Answer
$x$-intercepts: $\quad-2$ and $2$
$y$-intercept: $\quad-3$;
symmetric with the $y$-axis
Work Step by Step
Step $1$. To find the $x$-intercept, set $y=0$ then solve for $x$ to obtain:
$$\begin{align*}
3x^2-4y&=12\\
3x^2-4(0)&=12\\
3x^2&=12\\
x^2&=4\\
x&=\pm\sqrt{4}\\
x&=\pm2
\end{align*}$$
Thus, the $x$-intercepts are $\pm2$
Step $2$. To find the $y$-intercept, set $x=0$ then solve for $y$ to obtain:
$$\begin{align*}
3x^2-4y&=12\\
3(0^2)-4y&=12\\
-4y&=12\\
y&=-3
\end{align*}$$
Thus, the $y$-intercept is $-3$.
Step $3$. To test for symmetry, replace $(x,y)$ with $(x,-y)$ (x-axis symmetry), or $(-x,y)$ (y-axis symmetry), or $(-x,-y)$ (origin symmetry), and see if the equation remain unchanged.

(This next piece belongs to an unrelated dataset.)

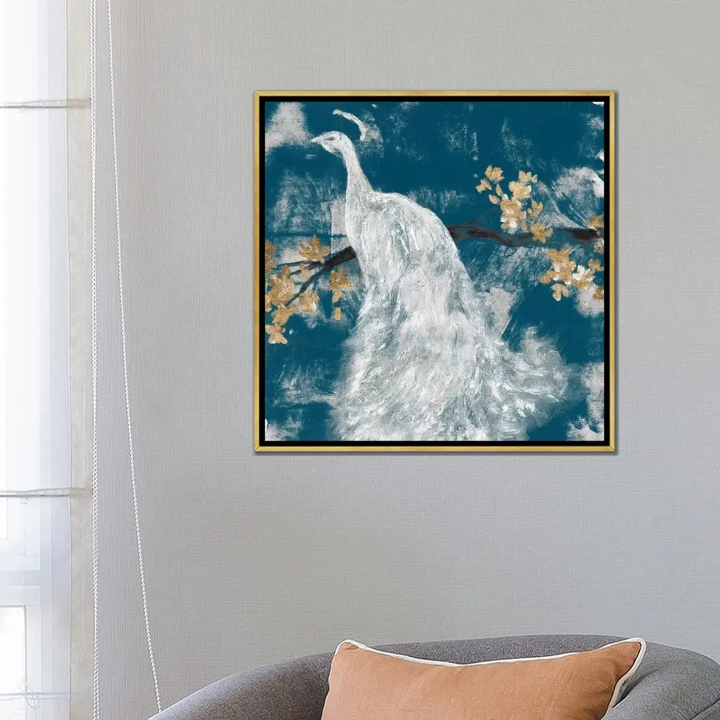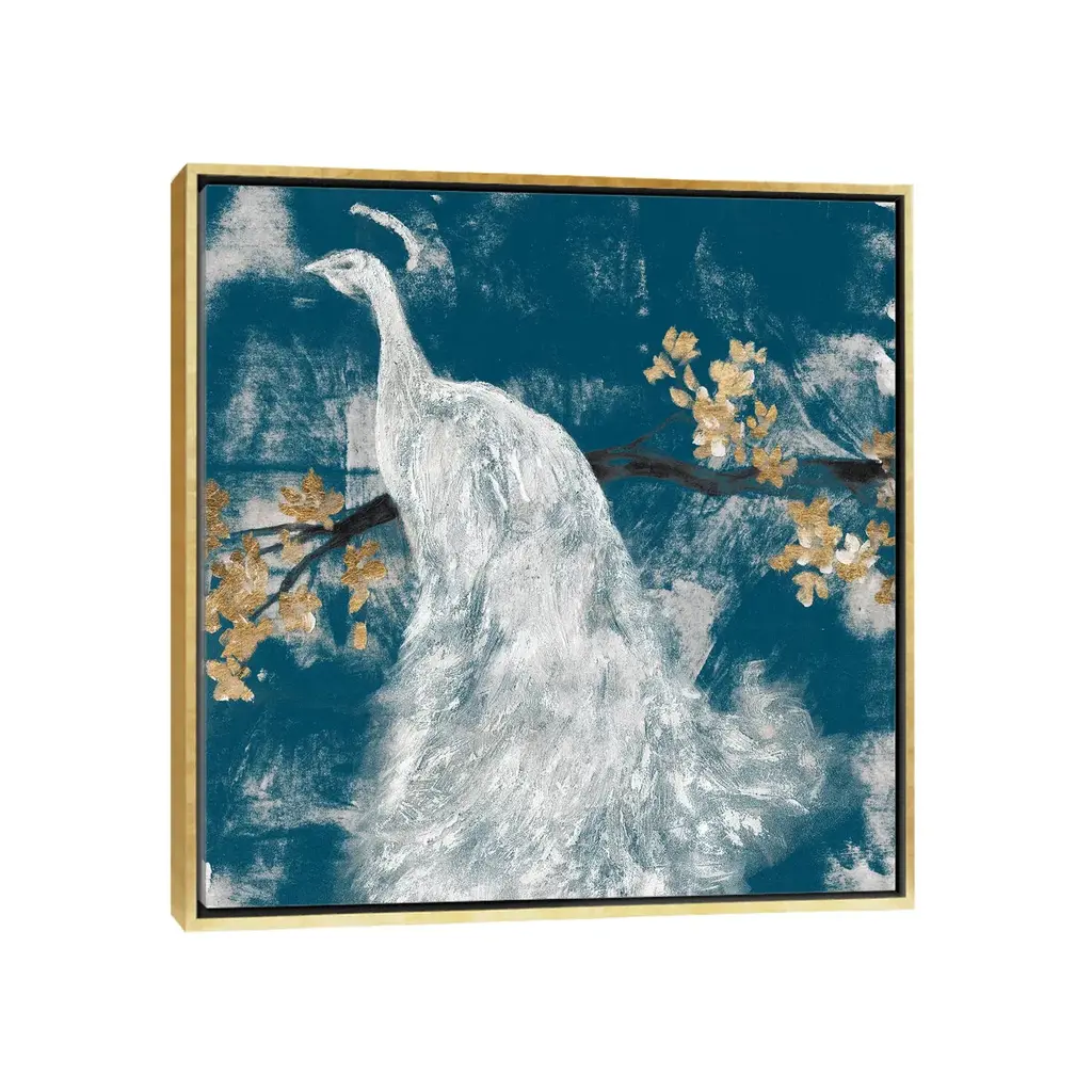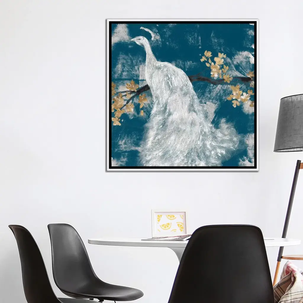 Icanvas "White Peacock On Indigo Ii" By Jennifer Goldberger Framed Canvas Print - Black - 26x26

Replace $(x, y)$ with $(x, -y)$ to obtain:
$\begin{align*}
3x^2-4(-y)&=12\\
3x^2+4y&=12
\end{align*}$
The equation is different from the original so there is no symmetry with respect to $x$-axis.
Replace $(x, y)$ with $(-x, y)$ to obtain:
$\begin{align*}
3(-x)^2-4y&=12\\
3x^2-4y&=12
\end{align*}$
The equation is the same as the original so there is symmetry with respect to $y$-axis.
Replace $(x, y)$ with $(-x, -y)$ to obtain:
$\begin{align*}
3(-x)^2-4(-y)&=12\\
3x^2+4y&=12
\end{align*}$
The equation is different from the original so there is no symmetry with resspect to the origin.
We can see that the equation has only $y$-axis symmetry.